Мне хотелось бы рассказать о влиянии этого сатирического певца на мою душу, ибо есть много женщин, для которых его произведения оказались опаснее самого смертоносного яда. Его стихи развращают душу больше, чем любая книга Золя или самого пагубного из современных французских писателей. Сначала я читала стихи быстро, получая удовольствие от музыкальности и ритма, не обращая особого внимания на содержание. Однако вскоре зловещая молния лишила прекрасное дерево украшавших его листьев: я вдруг уловила жестокость и чувственность, скрытые за витиеватыми фразами и звучными рифмами. На минуту я перестала читать, закрыв глаза и чувствуя сердцебиение. Действительно ли человеческая природа столь низменна, как утверждает этот человек? Неужели нет Бога, кроме Похоти? Разве мужчины и женщины в своих страстях и желаниях стоят ниже животных? Я размышляла, внимательно изучая „Laus Veneris“, „Фаустину“ и „Анакторию“, пока не почувствовала, что опускаюсь на тот уровень, где надругательство над приличиями считают достоинством. Я упивалась дьявольским презрением поэта к Богу и перечитывала „Перед распятием“ до тех пор, пока не выучила стихотворение наизусть. Строки Суинберна звучали в моем мозгу настойчиво, как детский стишок, и в конце концов привели меня к такому же высокомерному презрению к Христу и его учению, как у любого неверующего еврея.

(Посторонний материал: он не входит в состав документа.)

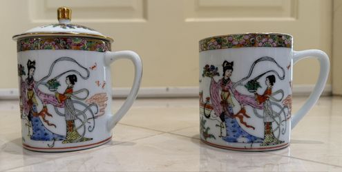 New Chinese Porcelain Mug Set with Lid - Hand-Painted Figures & Landscape (2-Piece)$30Boca Raton, FL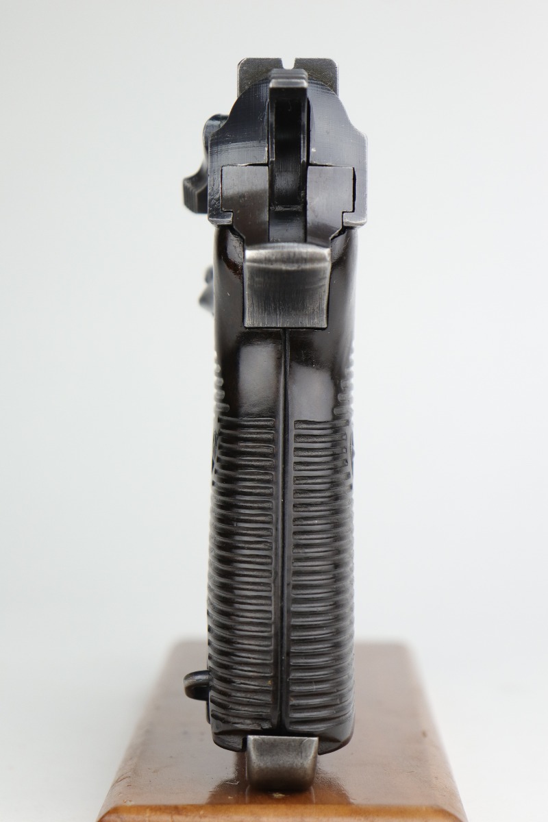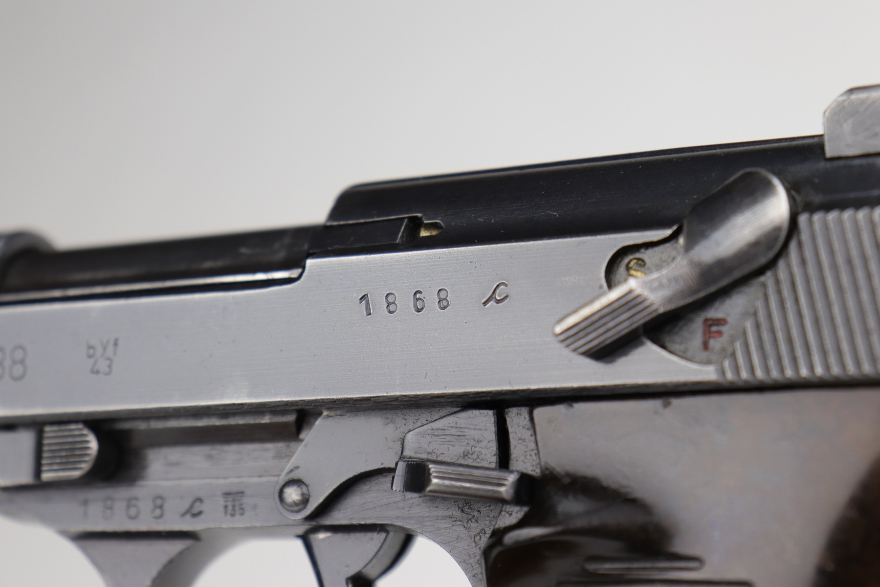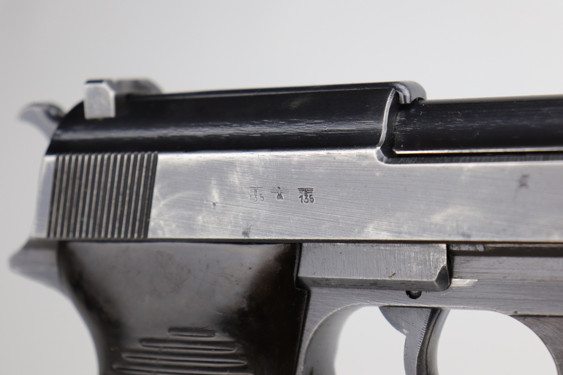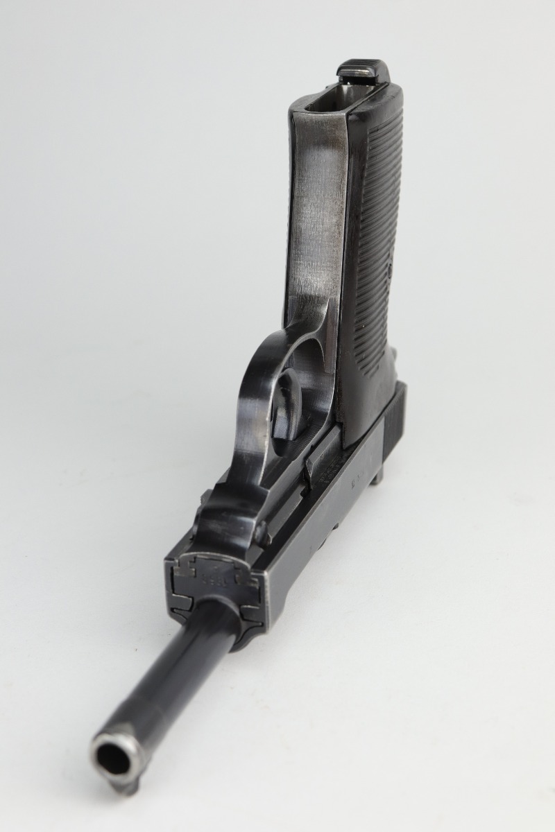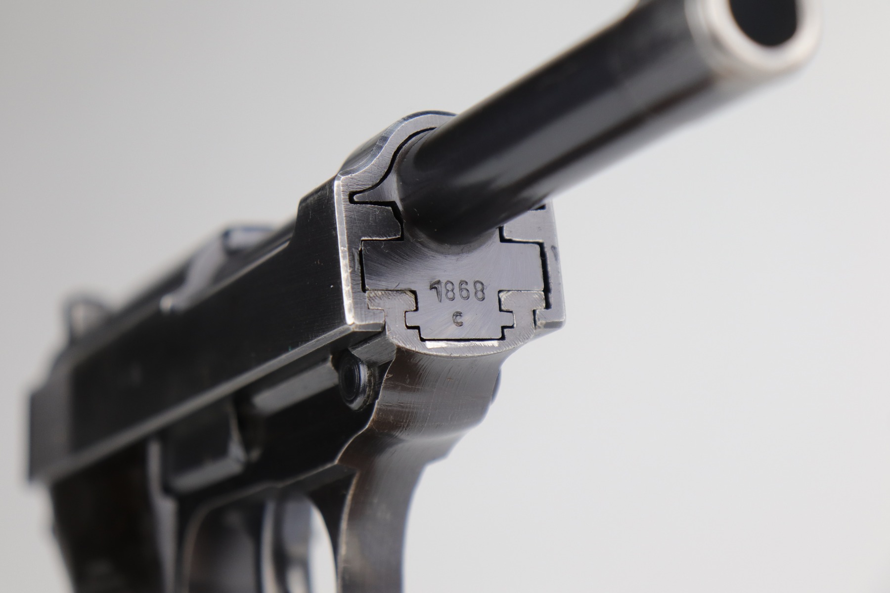 10/2/20 – This is a very nice example of a Mauser P.38 issued to the Nazi military in 1943. The gun is all matching and has the proper “Eagle 135” Nazi military proofs. It is fully functional, including the de-cocker. It has retained roughly 85% of its original bluing. Generally, there is muzzle wear and high edge wear throughout. There is spotty wear on the barrel, on the right side of the slide, and on the top plate. There is thinning on the front strap and on the tang. It has excellent grips and comes with one period-correct magazine. The bore has great rifling, but there is light freckling in the grooves.

Сейчас для меня это ничего не значит, – сейчас, когда без надежды, веры и любви я собираюсь совершить последнее погружение в вечную тьму и тишину. Но ради тех, кто находит утешение в религии, я спрошу: почему в так называемой христианской стране такому отвратительному кощунству, как „Перед распятием“, позволено распространяться среди народа, не встречая ни единого возражения со стороны тех, кто назначил себя судьями литературы? Я видела многих благородных авторов, которых осудили, не выслушав. Многих из них обвиняли в богохульстве, хотя произведения их имели совершенно иное направление. Но строкам Суинберна дозволяется беспрепятственно творить свое жестокое зло, и автор их прославляется, словно благодетель человечества. Процитирую их здесь по памяти, чтобы мои слова не сочли преувеличением:

Когда мы на тебя глядим,

Мы видим церкви торс зловонный:

Ты от нее неотделим,

От этой шлюхи прокаженной,

Ты в поцелуе сросся с ней,

И с нею сгнил ты до костей.

Господь! Воскресни и твори!

Разрушь забрызганные кровью

Заржавленные алтари!

Прерви молитвы пустословье!

Взгляни: окутал землю смрад

И капает с распятья яд.

Твоею тенью правды свет

Затмил священник – твой ходатай.

На все мольбы – ответа нет

От этой падали распятой,

Лишь гной течет из рук и ног.

Так ты ль Спаситель? Ты ли Бог?

Нет! Будь ты Богом и Творцом,

Ты солнца должен устыдиться:

При самом имени твоем

Оно спешит за тучи скрыться.

Оставь наш мир, с креста сойди,

Умри, исчезни, пропади![39]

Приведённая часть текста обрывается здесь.